Among patients with evaluable data from whole-exome sequencing for evaluation of tTMB (KEYNOTE-189, = 293; KEYNOTE-407, = 312) and matched normal DNA, no association was found between continuous tTMB score and overall survival (OS) or progression-free survival for pembrolizumab-combination (Wald test, one-sided > 0.05) or placebo-combination (Wald test, two-sided > 0.05) in patients with squamous or nonsquamous histology.
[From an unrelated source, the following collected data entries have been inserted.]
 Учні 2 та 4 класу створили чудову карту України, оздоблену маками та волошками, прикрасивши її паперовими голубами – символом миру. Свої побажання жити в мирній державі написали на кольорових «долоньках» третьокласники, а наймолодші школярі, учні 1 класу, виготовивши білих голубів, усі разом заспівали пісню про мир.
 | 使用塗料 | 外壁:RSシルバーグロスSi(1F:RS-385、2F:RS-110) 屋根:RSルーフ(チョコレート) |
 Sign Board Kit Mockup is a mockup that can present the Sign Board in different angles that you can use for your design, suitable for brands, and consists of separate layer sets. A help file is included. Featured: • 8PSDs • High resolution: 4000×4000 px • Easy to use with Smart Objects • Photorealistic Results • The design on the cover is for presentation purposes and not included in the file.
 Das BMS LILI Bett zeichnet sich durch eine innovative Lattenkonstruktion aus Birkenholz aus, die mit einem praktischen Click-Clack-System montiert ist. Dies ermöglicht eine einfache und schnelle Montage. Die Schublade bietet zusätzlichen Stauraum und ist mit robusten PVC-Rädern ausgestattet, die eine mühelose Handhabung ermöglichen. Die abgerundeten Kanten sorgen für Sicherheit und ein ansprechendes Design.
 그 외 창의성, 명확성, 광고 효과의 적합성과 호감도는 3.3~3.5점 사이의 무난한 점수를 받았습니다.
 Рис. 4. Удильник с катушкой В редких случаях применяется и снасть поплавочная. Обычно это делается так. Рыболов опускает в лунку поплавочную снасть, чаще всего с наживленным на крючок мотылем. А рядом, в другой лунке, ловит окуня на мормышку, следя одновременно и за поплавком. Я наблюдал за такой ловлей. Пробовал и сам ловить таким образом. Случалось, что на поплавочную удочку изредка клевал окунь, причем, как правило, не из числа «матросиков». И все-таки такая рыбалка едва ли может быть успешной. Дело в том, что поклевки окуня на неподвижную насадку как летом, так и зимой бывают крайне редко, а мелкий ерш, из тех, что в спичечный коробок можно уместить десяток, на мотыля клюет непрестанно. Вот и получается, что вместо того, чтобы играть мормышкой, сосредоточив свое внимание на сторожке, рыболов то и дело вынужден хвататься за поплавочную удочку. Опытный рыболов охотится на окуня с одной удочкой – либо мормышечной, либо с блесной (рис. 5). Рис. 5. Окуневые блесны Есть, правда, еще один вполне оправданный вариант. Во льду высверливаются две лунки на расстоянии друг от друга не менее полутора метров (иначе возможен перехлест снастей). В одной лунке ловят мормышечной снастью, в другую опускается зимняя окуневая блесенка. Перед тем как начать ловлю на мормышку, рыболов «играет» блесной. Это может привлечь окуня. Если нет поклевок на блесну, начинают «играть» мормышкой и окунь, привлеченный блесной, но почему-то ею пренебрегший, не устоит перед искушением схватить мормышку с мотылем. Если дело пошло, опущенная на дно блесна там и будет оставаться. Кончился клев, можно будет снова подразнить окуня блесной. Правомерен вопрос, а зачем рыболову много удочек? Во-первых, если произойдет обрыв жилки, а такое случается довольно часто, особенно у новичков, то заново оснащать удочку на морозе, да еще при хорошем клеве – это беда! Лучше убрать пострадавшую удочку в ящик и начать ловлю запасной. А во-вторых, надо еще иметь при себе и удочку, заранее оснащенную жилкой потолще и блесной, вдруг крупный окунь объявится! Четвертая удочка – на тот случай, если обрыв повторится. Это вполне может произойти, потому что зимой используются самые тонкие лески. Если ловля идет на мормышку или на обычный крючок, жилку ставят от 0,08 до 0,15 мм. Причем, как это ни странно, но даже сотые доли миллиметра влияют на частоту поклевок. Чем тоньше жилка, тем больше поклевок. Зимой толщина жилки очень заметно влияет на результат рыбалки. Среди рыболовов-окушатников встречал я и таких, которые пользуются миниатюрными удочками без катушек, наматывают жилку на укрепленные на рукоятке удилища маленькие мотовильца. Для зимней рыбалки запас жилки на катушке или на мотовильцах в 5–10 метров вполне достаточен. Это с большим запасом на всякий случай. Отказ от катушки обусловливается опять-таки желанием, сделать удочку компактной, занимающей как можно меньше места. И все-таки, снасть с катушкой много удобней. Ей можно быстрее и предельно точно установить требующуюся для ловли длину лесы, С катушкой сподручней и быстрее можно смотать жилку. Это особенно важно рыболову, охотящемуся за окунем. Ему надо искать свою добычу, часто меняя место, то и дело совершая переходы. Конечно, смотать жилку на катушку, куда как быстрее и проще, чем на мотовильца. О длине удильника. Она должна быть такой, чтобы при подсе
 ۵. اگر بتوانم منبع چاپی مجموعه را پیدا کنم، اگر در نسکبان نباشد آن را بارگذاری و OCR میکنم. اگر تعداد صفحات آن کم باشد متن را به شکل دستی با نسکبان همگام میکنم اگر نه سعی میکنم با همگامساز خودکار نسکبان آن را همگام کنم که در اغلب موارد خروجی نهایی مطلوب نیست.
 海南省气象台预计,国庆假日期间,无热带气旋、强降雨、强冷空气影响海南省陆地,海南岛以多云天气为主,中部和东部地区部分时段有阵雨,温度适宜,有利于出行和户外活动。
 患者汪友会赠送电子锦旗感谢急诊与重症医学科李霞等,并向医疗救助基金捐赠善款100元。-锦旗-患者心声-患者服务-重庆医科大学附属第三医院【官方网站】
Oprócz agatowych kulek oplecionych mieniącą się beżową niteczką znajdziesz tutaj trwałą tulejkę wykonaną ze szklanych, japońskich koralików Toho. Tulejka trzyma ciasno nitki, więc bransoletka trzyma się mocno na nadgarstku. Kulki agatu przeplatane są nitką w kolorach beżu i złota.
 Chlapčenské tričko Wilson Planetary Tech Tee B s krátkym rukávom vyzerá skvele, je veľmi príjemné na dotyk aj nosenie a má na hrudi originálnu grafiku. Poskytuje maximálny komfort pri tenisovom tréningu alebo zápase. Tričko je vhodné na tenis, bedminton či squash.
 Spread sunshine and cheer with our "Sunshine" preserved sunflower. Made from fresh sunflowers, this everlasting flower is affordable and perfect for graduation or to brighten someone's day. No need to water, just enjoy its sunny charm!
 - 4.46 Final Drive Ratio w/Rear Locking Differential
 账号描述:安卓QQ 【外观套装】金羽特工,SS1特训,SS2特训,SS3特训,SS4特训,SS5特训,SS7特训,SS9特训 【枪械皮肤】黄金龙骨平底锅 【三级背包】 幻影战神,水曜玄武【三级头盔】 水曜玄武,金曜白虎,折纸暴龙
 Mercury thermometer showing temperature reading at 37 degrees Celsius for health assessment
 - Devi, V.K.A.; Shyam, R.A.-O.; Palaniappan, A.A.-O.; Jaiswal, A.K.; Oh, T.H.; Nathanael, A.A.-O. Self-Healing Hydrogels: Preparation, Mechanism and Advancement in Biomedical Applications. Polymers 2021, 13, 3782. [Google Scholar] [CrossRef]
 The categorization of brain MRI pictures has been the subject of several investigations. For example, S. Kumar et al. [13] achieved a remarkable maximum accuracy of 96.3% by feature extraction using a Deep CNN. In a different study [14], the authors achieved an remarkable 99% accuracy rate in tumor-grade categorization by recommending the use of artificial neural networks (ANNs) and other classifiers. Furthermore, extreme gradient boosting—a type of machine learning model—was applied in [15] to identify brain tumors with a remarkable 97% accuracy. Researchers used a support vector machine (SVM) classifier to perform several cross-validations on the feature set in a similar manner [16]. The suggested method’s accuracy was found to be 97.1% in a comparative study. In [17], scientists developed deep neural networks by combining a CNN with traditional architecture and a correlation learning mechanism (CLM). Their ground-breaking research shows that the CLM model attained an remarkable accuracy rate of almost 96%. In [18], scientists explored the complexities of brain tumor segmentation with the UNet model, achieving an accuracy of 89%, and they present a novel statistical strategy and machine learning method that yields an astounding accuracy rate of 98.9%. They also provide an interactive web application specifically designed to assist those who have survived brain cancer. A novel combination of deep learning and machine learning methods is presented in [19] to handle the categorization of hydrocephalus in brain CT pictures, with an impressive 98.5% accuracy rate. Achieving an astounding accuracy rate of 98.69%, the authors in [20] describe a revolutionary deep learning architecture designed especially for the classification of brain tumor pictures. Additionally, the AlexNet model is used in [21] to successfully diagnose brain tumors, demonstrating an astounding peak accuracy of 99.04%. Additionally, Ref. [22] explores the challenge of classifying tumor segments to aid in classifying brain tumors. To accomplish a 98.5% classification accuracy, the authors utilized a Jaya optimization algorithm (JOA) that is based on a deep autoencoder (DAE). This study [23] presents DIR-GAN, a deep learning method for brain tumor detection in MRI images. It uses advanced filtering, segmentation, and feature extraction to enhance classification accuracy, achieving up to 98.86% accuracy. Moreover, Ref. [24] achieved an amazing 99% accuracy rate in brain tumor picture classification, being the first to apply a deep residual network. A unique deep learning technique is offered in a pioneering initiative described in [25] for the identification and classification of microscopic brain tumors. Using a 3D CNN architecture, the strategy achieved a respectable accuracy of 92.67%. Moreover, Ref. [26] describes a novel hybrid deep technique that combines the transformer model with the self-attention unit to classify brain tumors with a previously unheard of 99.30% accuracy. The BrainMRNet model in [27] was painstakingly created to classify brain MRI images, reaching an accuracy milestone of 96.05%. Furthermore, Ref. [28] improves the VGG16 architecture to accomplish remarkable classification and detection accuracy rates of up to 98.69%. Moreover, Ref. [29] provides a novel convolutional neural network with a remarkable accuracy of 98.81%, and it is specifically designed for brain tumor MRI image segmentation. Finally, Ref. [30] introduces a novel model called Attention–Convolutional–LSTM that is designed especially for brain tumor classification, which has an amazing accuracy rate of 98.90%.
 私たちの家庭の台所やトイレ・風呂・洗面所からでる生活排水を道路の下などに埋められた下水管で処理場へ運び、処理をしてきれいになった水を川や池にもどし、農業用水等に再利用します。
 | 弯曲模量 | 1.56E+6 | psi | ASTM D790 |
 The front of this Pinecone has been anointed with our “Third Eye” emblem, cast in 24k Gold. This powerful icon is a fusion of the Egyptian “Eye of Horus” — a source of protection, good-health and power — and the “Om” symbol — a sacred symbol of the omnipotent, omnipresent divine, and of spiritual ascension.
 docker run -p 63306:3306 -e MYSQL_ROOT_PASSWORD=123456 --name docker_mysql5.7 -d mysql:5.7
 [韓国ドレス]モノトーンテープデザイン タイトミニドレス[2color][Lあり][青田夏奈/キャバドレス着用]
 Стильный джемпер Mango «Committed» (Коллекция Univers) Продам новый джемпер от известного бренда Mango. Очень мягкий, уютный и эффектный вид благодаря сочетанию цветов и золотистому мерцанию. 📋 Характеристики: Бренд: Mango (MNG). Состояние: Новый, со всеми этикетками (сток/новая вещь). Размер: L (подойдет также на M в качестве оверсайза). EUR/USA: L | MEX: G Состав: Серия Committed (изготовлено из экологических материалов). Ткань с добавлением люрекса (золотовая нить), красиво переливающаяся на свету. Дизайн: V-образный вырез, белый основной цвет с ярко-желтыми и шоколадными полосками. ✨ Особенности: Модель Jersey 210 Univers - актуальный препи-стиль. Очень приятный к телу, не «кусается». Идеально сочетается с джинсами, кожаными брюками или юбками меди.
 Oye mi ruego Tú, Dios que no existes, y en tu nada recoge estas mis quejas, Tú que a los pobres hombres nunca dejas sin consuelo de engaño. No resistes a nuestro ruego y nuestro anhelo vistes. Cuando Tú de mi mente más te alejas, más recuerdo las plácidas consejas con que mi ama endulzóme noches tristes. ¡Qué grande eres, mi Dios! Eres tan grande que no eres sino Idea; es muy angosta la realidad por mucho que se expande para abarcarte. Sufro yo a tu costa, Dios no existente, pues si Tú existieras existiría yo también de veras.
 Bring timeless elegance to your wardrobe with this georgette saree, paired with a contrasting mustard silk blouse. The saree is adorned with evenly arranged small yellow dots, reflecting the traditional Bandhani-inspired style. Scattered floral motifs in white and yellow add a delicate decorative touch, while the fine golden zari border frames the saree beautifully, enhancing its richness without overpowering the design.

Pembrolizumab-combination improved outcomes for patients with tTMB greater than or equal to 175 compared with tTMB less than 175 mutations/exome in KEYNOTE-189 (OS, hazard ratio = 0.64 [95% confidence interval (CI): 0.38‒1.07] and 0.64 [95% CI: 0.42‒0.97], respectively) and KEYNOTE-407 (OS, hazard ratio = 0.74 [95% CI: 0.50‒1.08 and 0.86 [95% CI: 0.57‒1.28], respectively) versus placebo-combination. Treatment outcomes were similar regardless of , or mutation status.
These findings support pembrolizumab-combination as first-line treatment in patients with metastatic NSCLC and do not suggest the utility of tTMB, or mutation status as a biomarker for this regimen.
我们在3期KEYNOTE-189(ClinicalTrials.gov,NCT02578680;非鳞状)和KEYNOTE-407(ClinicalTrials.gov,NCT02775435;鳞状)试验中,评估了组织肿瘤突变负荷(tTMB)以及 和 基因的突变,将其作为帕博利珠单抗联合铂类化疗(帕博利珠单抗联合方案)用于非小细胞肺癌(NSCLC)患者疗效的生物标志物。
这项回顾性探索性分析评估了KEYNOTE-189和KEYNOTE-407试验中入组患者的高tTMB以及 、 和 基因突变的发生率,以及这些潜在生物标志物与临床结局之间的关系。在有可用肿瘤组织及匹配正常DNA的患者中,使用全外显子组测序评估tTMB以及 、 、 基因突变状态。使用预先设定的175个突变/外显子的切点评估tTMB的临床效用。
在有可评估全外显子组测序数据用于评估tTMB(KEYNOTE-189, = 293;KEYNOTE-407, = 312)及匹配正常DNA的患者中,对于鳞状或非鳞状组织学患者,连续tTMB评分与帕博利珠单抗联合方案(Wald检验,单侧 > 0.05)或安慰剂联合方案(Wald检验,双侧 > 0.05)的总生存期(OS)或无进展生存期之间均未发现关联。在KEYNOTE-189中,与tTMB低于175个突变/外显子相比,tTMB大于或等于175的患者接受帕博利珠单抗联合方案时,OS的风险比分别为0.64[95%置信区间(CI):0.38‒1.07]和0.64[95%CI:0.42‒0.97];在KEYNOTE-407中,与安慰剂联合方案相比,OS的风险比分别为0.74[95%CI:0.50‒1.08]和0.86[95%CI:0.57‒1.28]。无论 、 或 基因突变状态如何,治疗结局相似。
这些发现支持帕博利珠单抗联合方案作为转移性NSCLC患者的一线治疗方案,并不表明tTMB、 或 基因突变状态可作为该治疗方案的生物标志物。